Roberto Cláudio disse que insistirá para que a saída do grupo seja efetivada através do diálogo. "Na última sexta-feira, chamei o secretário de Direitos Humanos para que ele tentasse intermediar um acordo, mas não houve diálogo. Também entrei em contato com o arcebispo de Fortaleza, dom José Aparecido Tosi, o presidente da Ordem dos Advogados do Brasil (OAB-CE), Valdetário Monteiro, a Procuradoria Geral e a Defensoria Pública pedindo para que eles pudessem ajudar numa solução pacífica pelo cumprimento da lei".

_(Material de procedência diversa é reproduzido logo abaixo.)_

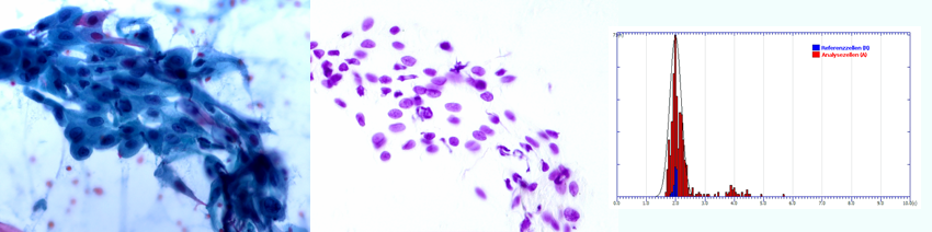 Die DNA-Bildzytometrie wurde maßgeblich vom ehemaligen Direktor des Instituts für Cytopathologie, Herrn Professor Böcking und auch seinem Nachfolger Herrn Professor Biesterfeld vorangebracht. Die Untersuchung bestimmt den DNA-Gehalt von Zellkernen nach Feulgen-Färbung eines Präparates. Die Intensität der Farbreaktion ist hierbei dem DNA-Gehalt proportional, so dass mit Hilfe eines Computer-gestützten Bildanalysesystems der DNA-Gehalt eines Zellkerns durch Messung der integrierten optischen Dichte (Messung von Kernfläche und Farbgehalt) bestimmt werden kann. Die Messung des DNA-Gehalts in einem zytologischen Präparat erfolgt an etwa 300 Analysezellen. Der DNA-Gehalt jeder einzelnen Zelle wird in einem Histogramm aufgetragen, welches so die Verteilung der zellulären DNA-Gehalte in einem Präparat zeigt. Zusätzlich wird der DNA-Gehalt von ca. 30 im Präparat enthaltenen unauffälligen Zellen (z.B. Granulozyten, normale Epithelien, Lymphozyten etc.) gemessen, welcher definitionsgemäß 2c ist, was einem diploiden Chromosomensatz entspricht.
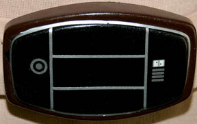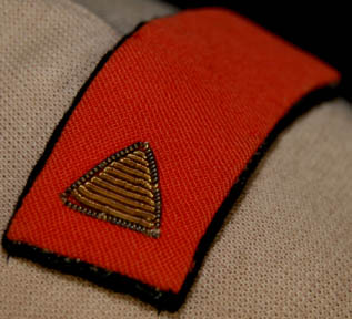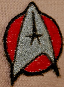 Description: A beige colored Starfleet Class-B uniform featured in Star Trek I: The Motion Picture. The costume is brown trousers with a beige colored long sleeve uniform top, with an attached plastic bio-monitor and an affixed engineering red backed Starfleet emblem patch. The costume also features a pair of red division-rank strips affixed to the shoulders with triangular shaped gold thread embellishments indicating the wearer to be the rank of ‘chief petty officer'. The costume is intended for male wearers.

Apesar de acreditar em uma saída tranquila para o problema, o gestor municipal disse que as obras não podem mais esperar. "Há recurso público nessa obra e, cada vez que se demora, isso representa perda de dinheiro. Omissão também é prevaricação do poder público e não podemos prevaricar. Minha função é cumprir a lei e a vontade majoritária da população", afirmou.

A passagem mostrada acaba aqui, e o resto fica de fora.